PROBLEM DETAILS: Lines before the one containing "Imagine a hallway" are not copied; that line and every one after it, through the end of the material below, are printed exactly, without pictures.

EXERCISE DATA:

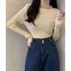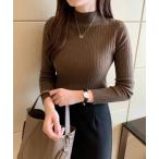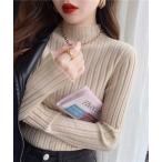 ニット セーター ハーフタートルネック リブニット 長袖 レディース
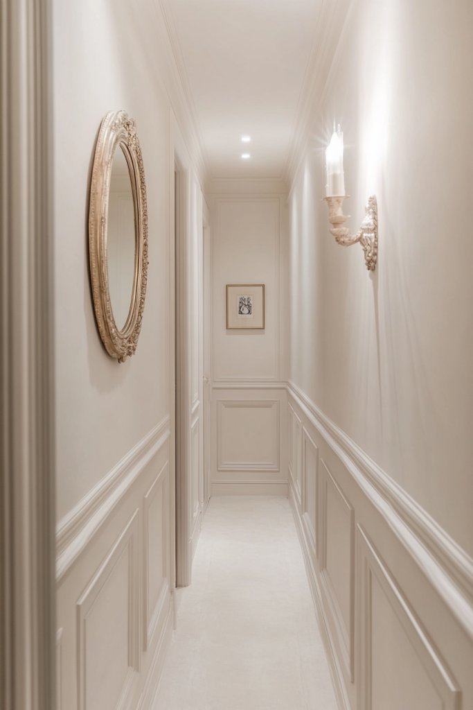 Imagine a hallway with crisp, ivory walls reflecting warm light from sleek wall sconces or a subtle chandelier. Framed mirrors in gold or silver hang along the length, bouncing light and creating the illusion of space. A runner with a subtle pattern in neutral tones adds texture underfoot. The overall look is refined, bright, and inviting, encouraging guests to explore further.
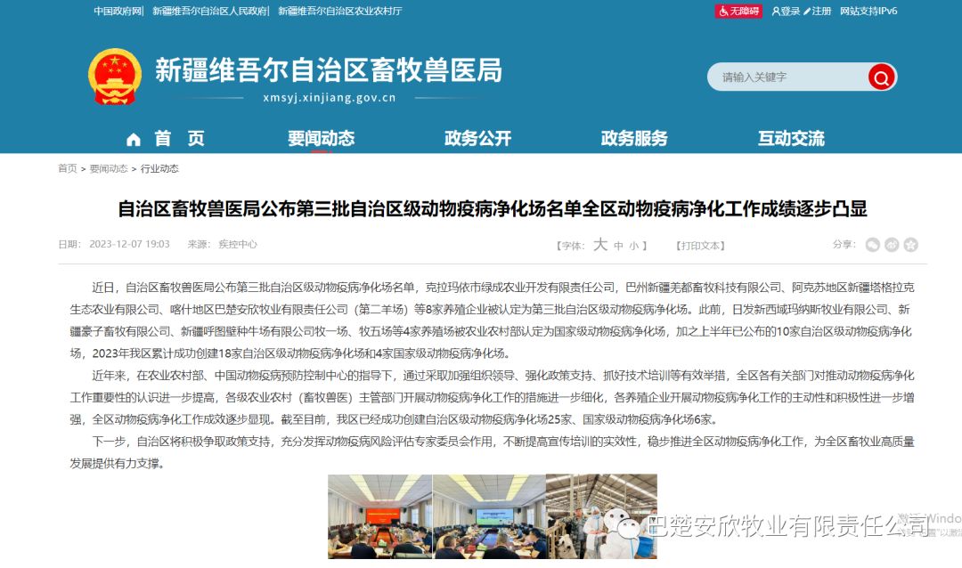 2023年12月,自治區(qū)畜牧獸醫(yī)局第三批自治區(qū)級(jí)動(dòng)物疫病凈化場(chǎng)名單公布,巴楚公司第二羊場(chǎng)獲此殊榮。三年多來,在農(nóng)業(yè)農(nóng)村部、中國動(dòng)物疫病預(yù)防控制中心的指導(dǎo)下,巴楚安欣通過采取加強(qiáng)組織管理、爭(zhēng)取政策支持、抓好技術(shù)培訓(xùn)等有效舉措,公司養(yǎng)殖場(chǎng)區(qū)對(duì)動(dòng)物疫病凈化工作的措施進(jìn)一步細(xì)化,出色完成動(dòng)物疫病凈化工作,提升全公司動(dòng)物疫病防控整體水平,為全區(qū)動(dòng)物疫病凈化工作積累成功經(jīng)驗(yàn)。安欣牧業(yè)必將不斷提高宣傳培訓(xùn)的實(shí)效性,穩(wěn)步推進(jìn)全區(qū)動(dòng)物疫病凈化工作,為全區(qū)畜物業(yè)高質(zhì)量發(fā)展提供有力支撐。

RESPONSE AREA:
 Imagine a hallway with crisp, ivory walls reflecting warm light from sleek wall sconces or a subtle chandelier. Framed mirrors in gold or silver hang along the length, bouncing light and creating the illusion of space. A runner with a subtle pattern in neutral tones adds texture underfoot. The overall look is refined, bright, and inviting, encouraging guests to explore further.
 2023年12月,自治區(qū)畜牧獸醫(yī)局第三批自治區(qū)級(jí)動(dòng)物疫病凈化場(chǎng)名單公布,巴楚公司第二羊場(chǎng)獲此殊榮。三年多來,在農(nóng)業(yè)農(nóng)村部、中國動(dòng)物疫病預(yù)防控制中心的指導(dǎo)下,巴楚安欣通過采取加強(qiáng)組織管理、爭(zhēng)取政策支持、抓好技術(shù)培訓(xùn)等有效舉措,公司養(yǎng)殖場(chǎng)區(qū)對(duì)動(dòng)物疫病凈化工作的措施進(jìn)一步細(xì)化,出色完成動(dòng)物疫病凈化工作,提升全公司動(dòng)物疫病防控整體水平,為全區(qū)動(dòng)物疫病凈化工作積累成功經(jīng)驗(yàn)。安欣牧業(yè)必將不斷提高宣傳培訓(xùn)的實(shí)效性,穩(wěn)步推進(jìn)全區(qū)動(dòng)物疫病凈化工作,為全區(qū)畜物業(yè)高質(zhì)量發(fā)展提供有力支撐。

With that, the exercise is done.